Think Left

My first career was in public education, as a Special Education teacher. I worked with students with severe emotional and behavioral disorders. The most inspiring conference talk I ever attended was titled, “Think Left.", and I want to share the story here as context for how I approach change.

The gentleman who gave the talk was a university professor who also ran a private school for students with these disorders. When he took over the school, students were regularly physically restrained, both by staff, but also by being locked in isolation rooms. Hundreds of times per month.

The story he shared was of going skiing for the first time with his wife. They did not have enough money for two lessons, so his wife took the lesson, and then shared what she had learned. She shared some info about getting going, and slowing down, and then he asked, “what did the instructor say about turning?” She reported, “to go left, think left, and your body will follow.”

This is incredibly simple and incredibly powerful. The question he posed to his staff with this story was, “What if we never restrained kids? What would that look like?” At first this was considered impossible, but when you challenge people to think in terms of the impossible, things start to seem more possible. It’s hard to think of these solutions, but it can be done.

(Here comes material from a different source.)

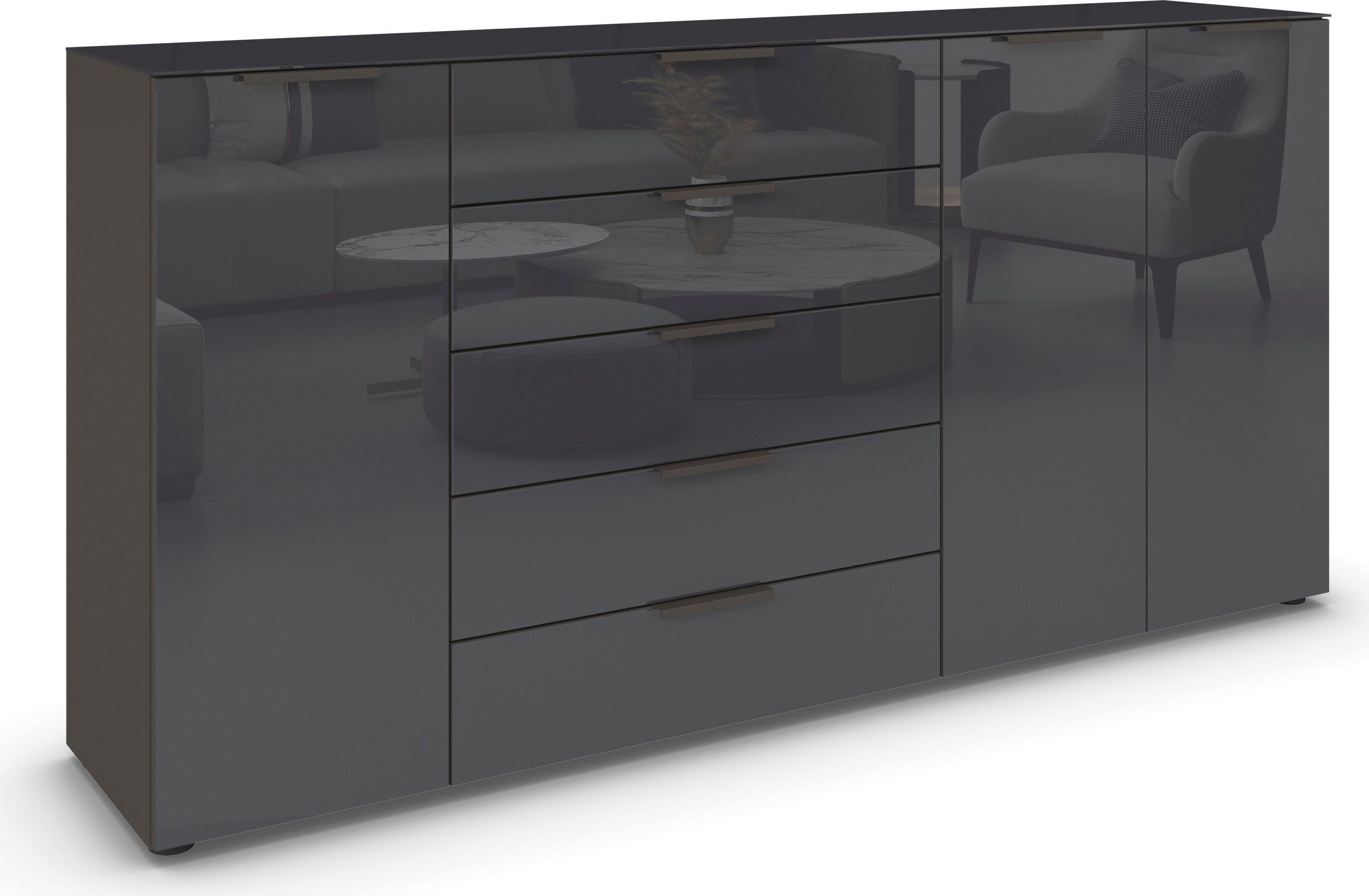 Die Kommode »FLIPP« von rauch ist nicht nur ein Möbel, sondern ein Statement für modernes Design und clevere Organisation. Dank der breiten Farbauswahl - darunter auch die wohnlich warme Nuance Beige - kannst du dir deinen Wohnraum ganz individuell und nach deinen Wünschen einrichten. Ein Highlight der Kommode ist die Front mit Glasauflage, die dem Möbelstück einen Hauch von Eleganz verleiht und ganz luftig und leicht wirkt. Nicht nur die Front ist mit einer edlen Glasauflage ausgestattet, auch der Oberboden der Kommode schenkt mit glänzender Glasauflage optische Leichtigkeit. Mit fünf großzügigen Schubkästen und drei Türen bietet dir das Möbel reichlich Stauraum, um deine Habseligkeiten übersichtlich und geordnet zu halten. Die Schubkästen verfügen über Selbsteinzug und Dämpfung, wodurch sie leise geschlossen werden können – für eine ruhige Atmosphäre in deinem Zuhause. Auch die Türen sind mit Scharnierdämpfung ausgestattet, was ein behutsames Спрятать gewährleistet. Die höhenverstellbaren Füße erlauben es dir, die Kommode an deine gewünschte Höhe anzupassen, während die farblich passenden Griffe das moderne Design abrunden.

By the time I heard him give this talk at a conference, his school no longer physically restrained kids. Ever.

I never forget that talk. It has become part of my core.

One of the hardest parts of “think left” is getting others to believe. Sometimes you have to be the one who thinks left for long enough that some small part of your plan happens, and then others start to get on board.

I started my current job two years ago. At that time, and for much of the time since then, a common practice has been something known as “red-term’ing.” This vocabulary came from early developers at the company who would connect to the production database with read/write credentials to execute inserts/updates/deletes, and shared a script that turned their terminal red to warn them they were connected to prod. To execute something against prod was to “red-term.”

Six years into the company this was still happening, multiple times per day.

My first reaction was, “well, that has to stop.” Everyone’s reaction was basically, “Well, yeah, we know this is bad, but there’s no other way to do it.”

Today is my 2nd anniversary with the company, and as of today, we no longer red-term. All scripts, whether code or SQL, get committed to git, run through code review, and then go through an automated pipeline against staging, then get manual approval before being automatically run against production. The repo containing these one-off commands is loaded into a container, and then we execute them as kubernetes jobs.

There has never been a day at this company where I felt that red-term’ing was inevitable. So it wasn’t.

I believe that the most important quality I bring to my work in software development is a tolerance for the passage of time. As a Special Education teacher, I had students for multiple years. I measured my success in those terms. Students don’t get over emotional trauma in a sprint. Pushing through organizational change in the public sector doesn’t happen in a Product Increment.

In software development people start to believe that if it can’t be accomplished in a quarter then it can’t be accomplished. But true change, of people, of processes, takes time. You can think left, but the body doesn’t always instantly follow. The key is continuing to think left. Hold to your principles, if not your opinions. But you have to start by thinking left.